A Universal Law of Robustness via Isoperimetry
Bubeck, Sébastien, Sellke, Mark
Classically, data interpolation with a parametrized model class is possible as long as the number of parameters is larger than the number of equations to be satisfied. A puzzling phenomenon in deep learning is that models are trained with many more parameters than what this classical theory would suggest. We propose a theoretical explanation for this phenomenon. We prove that for a broad class of data distributions and model classes, overparametrization is necessary if one wants to interpolate the data smoothly.
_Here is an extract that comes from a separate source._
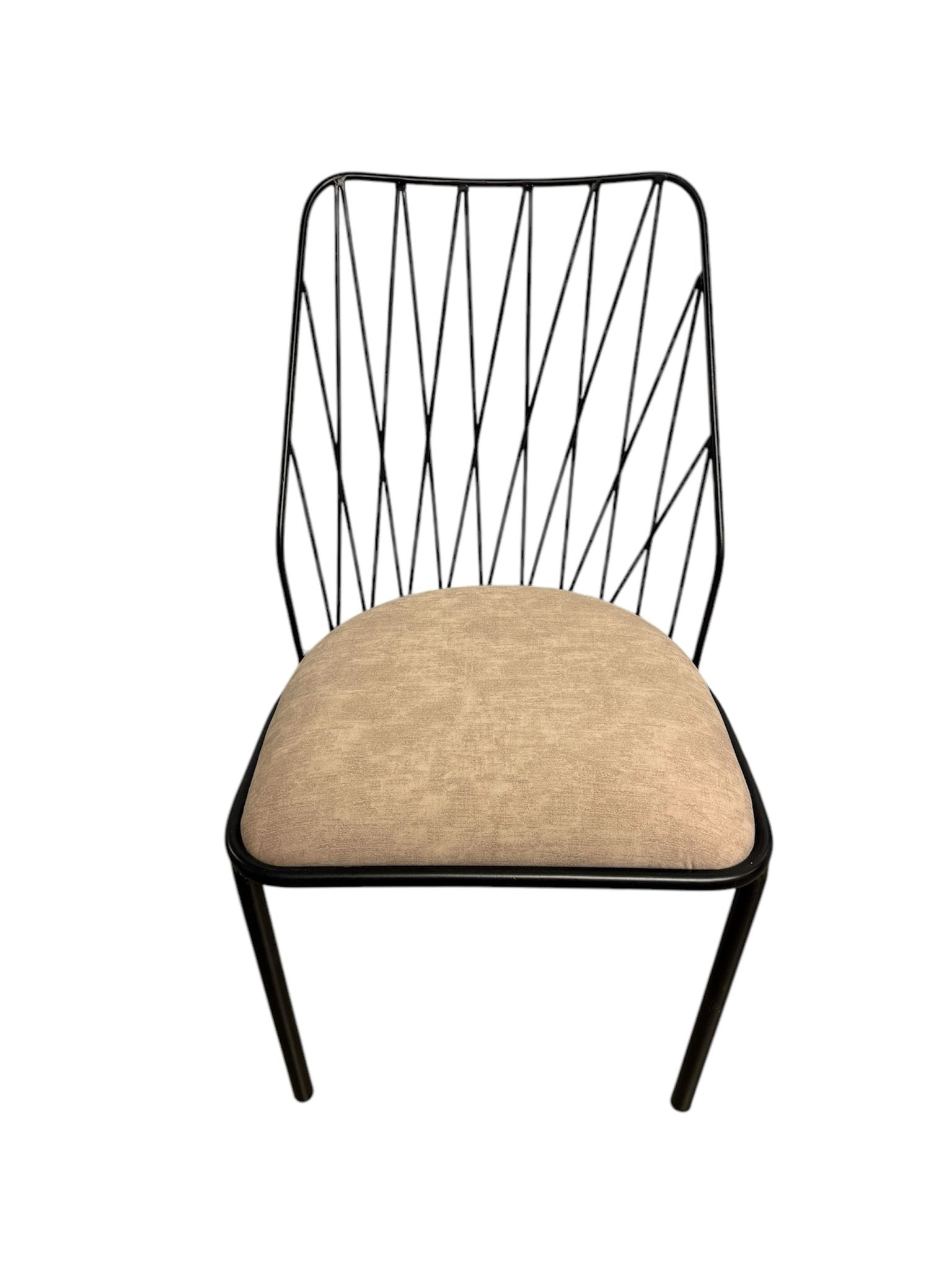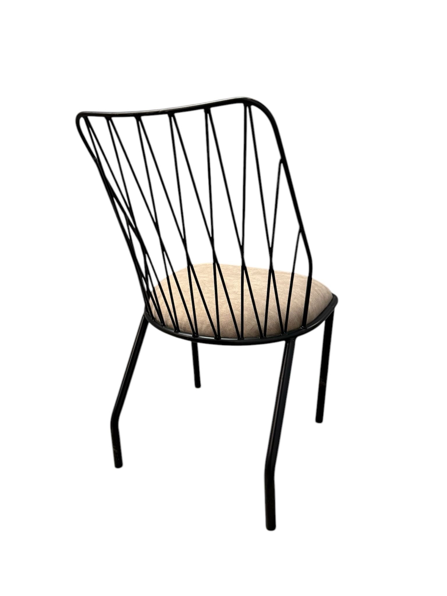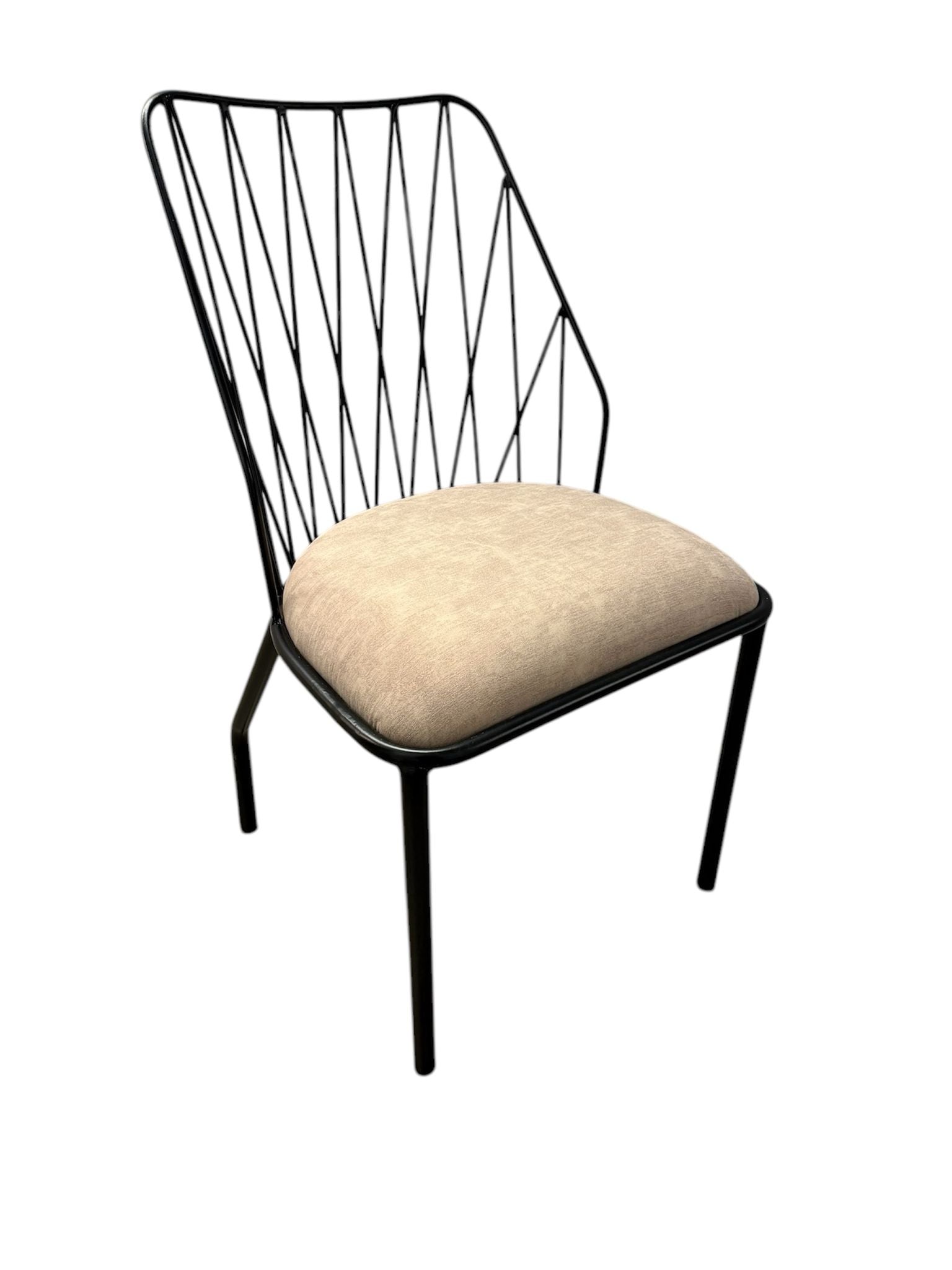 Teak Wood Live Edge Dining Table in Natural Finish with Black Iron Base and six (6) Cushioned Iron Based Chairs.

Namely we show that smooth interpolation requires $d$ times more parameters than mere interpolation, where $d$ is the ambient data dimension. We prove this universal law of robustness for any smoothly parametrized function class with polynomial size weights, and any covariate distribution verifying isoperimetry. In the case of two-layers neural networks and Gaussian covariates, this law was conjectured in prior work by Bubeck, Li and Nagaraj. We also give an interpretation of our result as an improved generalization bound for model classes consisting of smooth functions.